### Assigned task
Please transcribe only the lines from the one holding "straight through his" through the final line of the data, both included, with no pictures.

### Input data
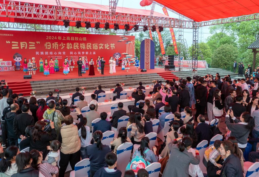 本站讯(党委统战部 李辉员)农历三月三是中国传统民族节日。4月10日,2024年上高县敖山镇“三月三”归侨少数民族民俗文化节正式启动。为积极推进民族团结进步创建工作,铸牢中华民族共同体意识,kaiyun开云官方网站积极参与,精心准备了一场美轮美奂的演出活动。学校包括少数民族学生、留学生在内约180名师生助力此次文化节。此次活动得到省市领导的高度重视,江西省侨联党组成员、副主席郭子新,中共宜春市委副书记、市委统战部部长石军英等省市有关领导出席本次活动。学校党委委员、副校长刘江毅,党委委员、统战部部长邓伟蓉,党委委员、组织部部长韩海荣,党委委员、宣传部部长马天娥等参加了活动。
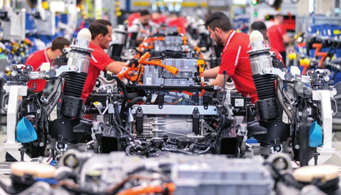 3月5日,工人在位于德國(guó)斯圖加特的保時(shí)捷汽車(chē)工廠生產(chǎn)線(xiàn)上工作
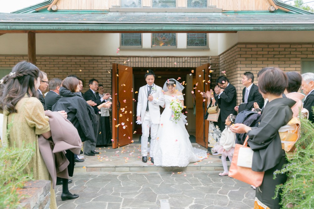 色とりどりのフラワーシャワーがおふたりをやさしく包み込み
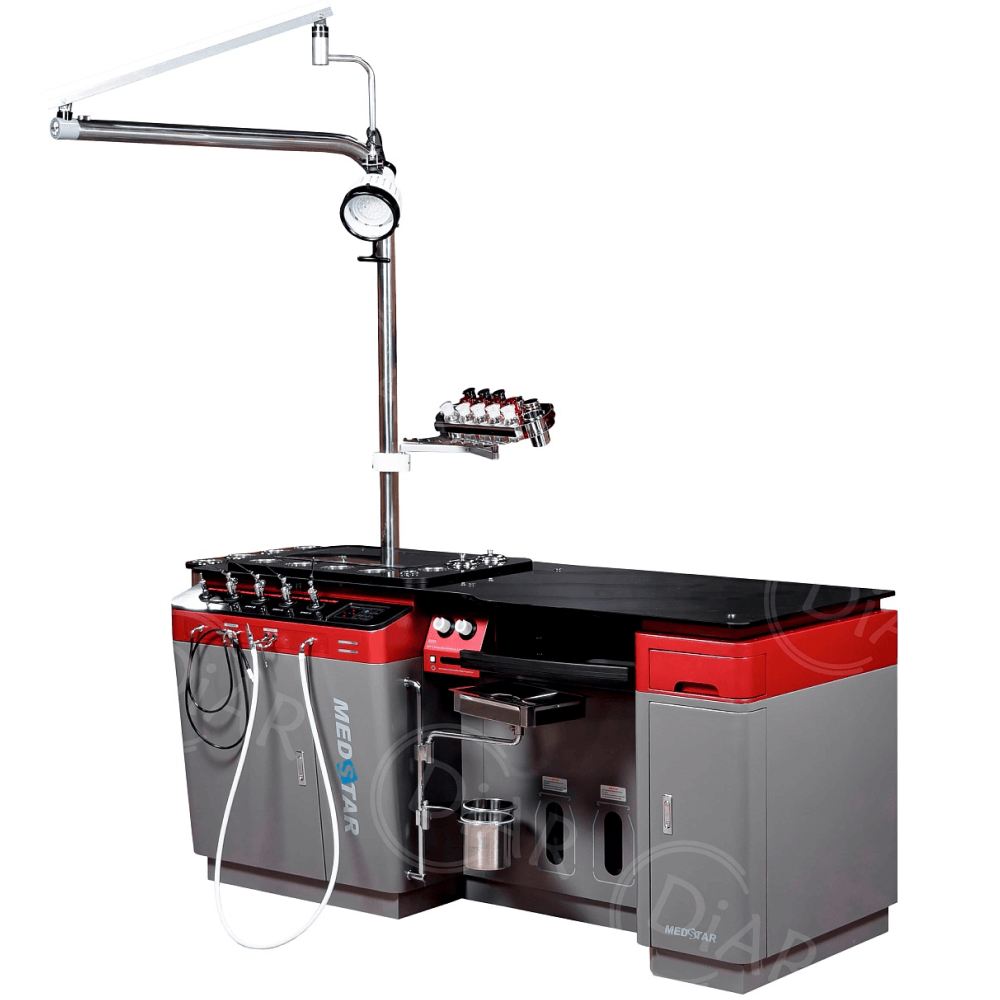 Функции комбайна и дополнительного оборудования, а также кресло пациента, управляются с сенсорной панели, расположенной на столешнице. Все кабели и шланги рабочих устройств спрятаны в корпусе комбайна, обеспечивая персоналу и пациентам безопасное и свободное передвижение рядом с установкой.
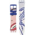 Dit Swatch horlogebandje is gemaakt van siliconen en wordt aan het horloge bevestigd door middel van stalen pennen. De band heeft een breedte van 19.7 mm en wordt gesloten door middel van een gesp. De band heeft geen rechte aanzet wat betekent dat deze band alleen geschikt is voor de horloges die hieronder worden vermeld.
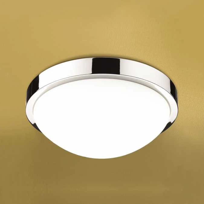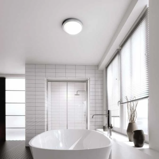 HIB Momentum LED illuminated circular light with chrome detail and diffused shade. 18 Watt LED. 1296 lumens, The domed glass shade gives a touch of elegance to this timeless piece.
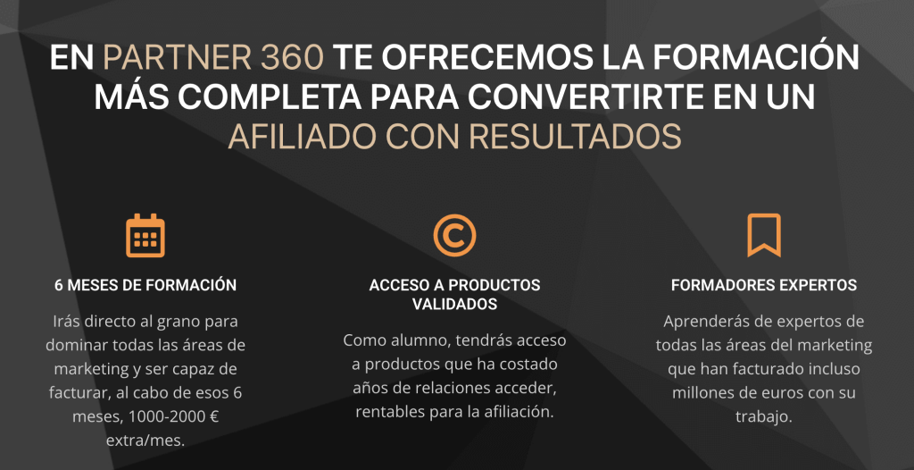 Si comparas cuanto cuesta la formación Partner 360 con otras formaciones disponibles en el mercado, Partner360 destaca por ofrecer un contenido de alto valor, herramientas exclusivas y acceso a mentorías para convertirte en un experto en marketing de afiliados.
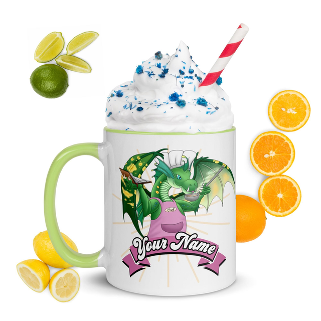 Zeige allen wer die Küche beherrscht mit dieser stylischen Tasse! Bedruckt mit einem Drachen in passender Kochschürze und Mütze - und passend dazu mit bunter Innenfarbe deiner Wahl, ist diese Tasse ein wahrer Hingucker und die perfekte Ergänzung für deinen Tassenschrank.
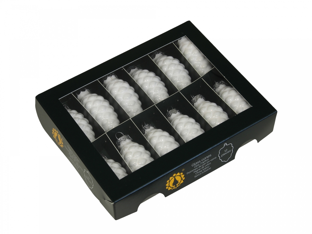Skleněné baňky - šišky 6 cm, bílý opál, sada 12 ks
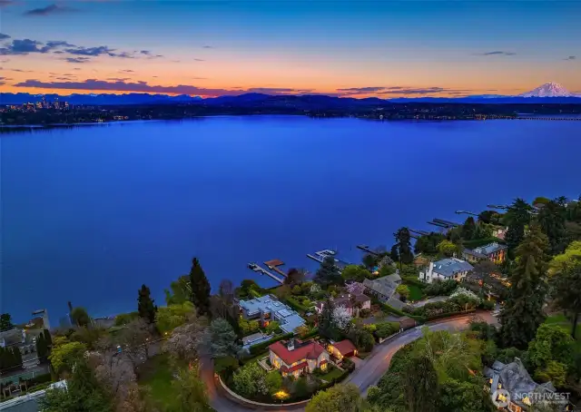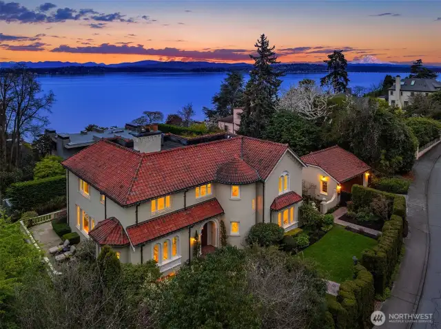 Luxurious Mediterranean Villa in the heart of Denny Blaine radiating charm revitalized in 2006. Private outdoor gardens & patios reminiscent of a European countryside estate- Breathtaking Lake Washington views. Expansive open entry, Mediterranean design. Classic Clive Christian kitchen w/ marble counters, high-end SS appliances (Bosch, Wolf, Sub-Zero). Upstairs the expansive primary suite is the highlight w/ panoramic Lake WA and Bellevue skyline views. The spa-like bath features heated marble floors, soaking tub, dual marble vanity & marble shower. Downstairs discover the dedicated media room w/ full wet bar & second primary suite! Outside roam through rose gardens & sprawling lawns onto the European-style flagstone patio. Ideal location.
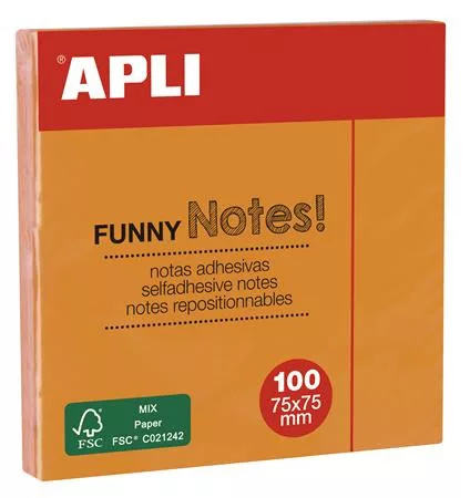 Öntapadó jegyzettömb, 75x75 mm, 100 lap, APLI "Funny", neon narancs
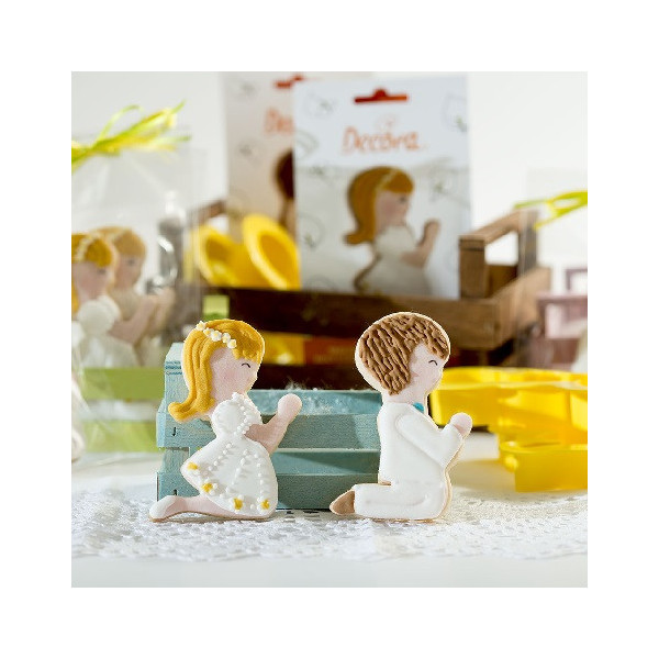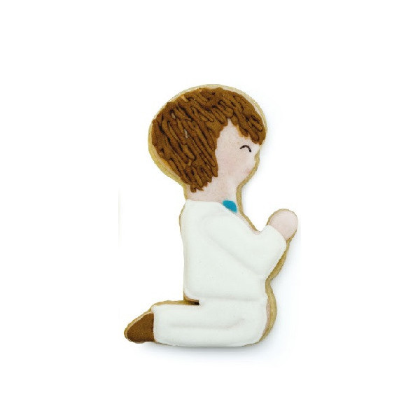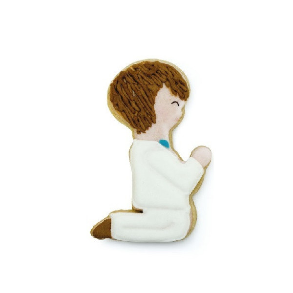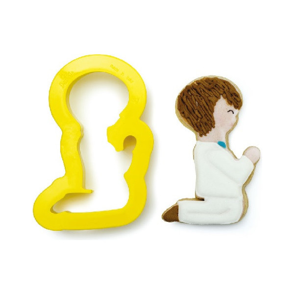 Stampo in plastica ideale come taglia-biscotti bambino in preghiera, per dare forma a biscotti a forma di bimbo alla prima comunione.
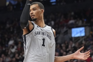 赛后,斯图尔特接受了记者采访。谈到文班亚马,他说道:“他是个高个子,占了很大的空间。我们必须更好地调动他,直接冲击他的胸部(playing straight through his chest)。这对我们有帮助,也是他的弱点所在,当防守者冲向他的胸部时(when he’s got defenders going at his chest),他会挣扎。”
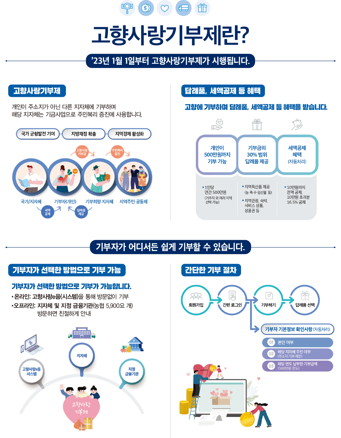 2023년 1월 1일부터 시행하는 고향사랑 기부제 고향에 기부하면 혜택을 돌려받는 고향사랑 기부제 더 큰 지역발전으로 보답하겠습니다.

### Task answer
 赛后,斯图尔特接受了记者采访。谈到文班亚马,他说道:“他是个高个子,占了很大的空间。我们必须更好地调动他,直接冲击他的胸部(playing straight through his chest)。这对我们有帮助,也是他的弱点所在,当防守者冲向他的胸部时(when he’s got defenders going at his chest),他会挣扎。”
 2023년 1월 1일부터 시행하는 고향사랑 기부제 고향에 기부하면 혜택을 돌려받는 고향사랑 기부제 더 큰 지역발전으로 보답하겠습니다.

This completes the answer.